Without the co-operation of the supermarkets in a wider national emergency planning framework, the issue will present massive challenges, but we must think about it as part of the debate about developing a more local approach to slaughtering and to our food market.
We should not underestimate the challenges that we face.
Sarah Boyack referred to the plight, which is still outstanding, that faces the pig industry as a consequence of the previous FMD outbreak.
The NFUS has been critical of the Government's response to its own task force.
In fact, yesterday's NFUS press release made it clear that none of the task force recommendations had been followed through.
The Rural Affairs and Environment Committee will ask the minister to come and give further evidence on the matter—I hope that he can do that.
Professor Scudamore points to some friction between the Scottish and UK Governments.
He highlights the belief in the south that some of the suggestions that have emanated from Scotland are politically motivated rather than scientifically based.
I am sure that ministers would deny that and Professor Scudamore states that, in his view, any such belief in the south was not correct.
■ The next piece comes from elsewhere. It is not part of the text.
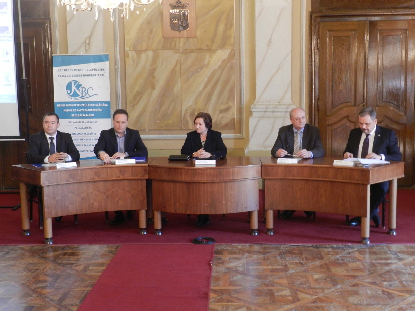 Az ismertető után a KBC Békés Megyei Települések Fejlesztéséért Nonprofit Kft. bemutatta az együttműködési szerződést, majd zárszóként ünnepélyesen aláírták a megállapodást.

However, the fact remains that that belief was held and it could have had an effect on inter-Government relations and actions.
It is a serious matter.
If I wanted to do so, I could make trenchant political points about the way in which the Scottish Government sometimes conducts itself, but I will resist that temptation and make only the following point.
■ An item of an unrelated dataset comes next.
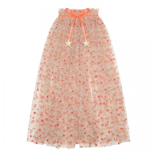 Čarobni plašt Duga unosi šarenilo i čaroliju u svaku dječju igru! Ovaj veseli plašt ukrašen je printanim dugama i zvijezdama, izrađen od višeslojnih tkanina u živim bojama, te je opremljen zatvaračem s gumbićem i satenskom vrpcom s privjescima koji dodatno inspiriraju igru i maštovitost.

The way in which Governments deal with each other is hugely important.
If an atmosphere is engendered in which motivations for actions can be questioned, that can have real consequences.
If those consequences affect the action that is taken in emergency situations such as foot and mouth, they can be very serious.
The fact that Governments develop apparatus to deal with each other, for the most part very civilly, is not an accident.
I encourage the Scottish Government to reflect on that matter as part of the process of re-examining the concordats to which Professor Scudamore refers.
Richard Lochhead:Given that the member raised the subject, can he provide clarity by saying whether he believes that the Scottish Government took any decisions during the foot-and-mouth outbreak on a political basis?
Peter Peacock:I make the point that Professor Scudamore makes—he does not believe that the people in the south should have thought what they did.
My point is that they thought that, and that there are reasons why they thought that. I simply suggest that the Government should reflect on that.
Professor Scudamore has written a good report, which should help to improve future planning arrangements.
I am sure that the actions that will flow from the report will do just that.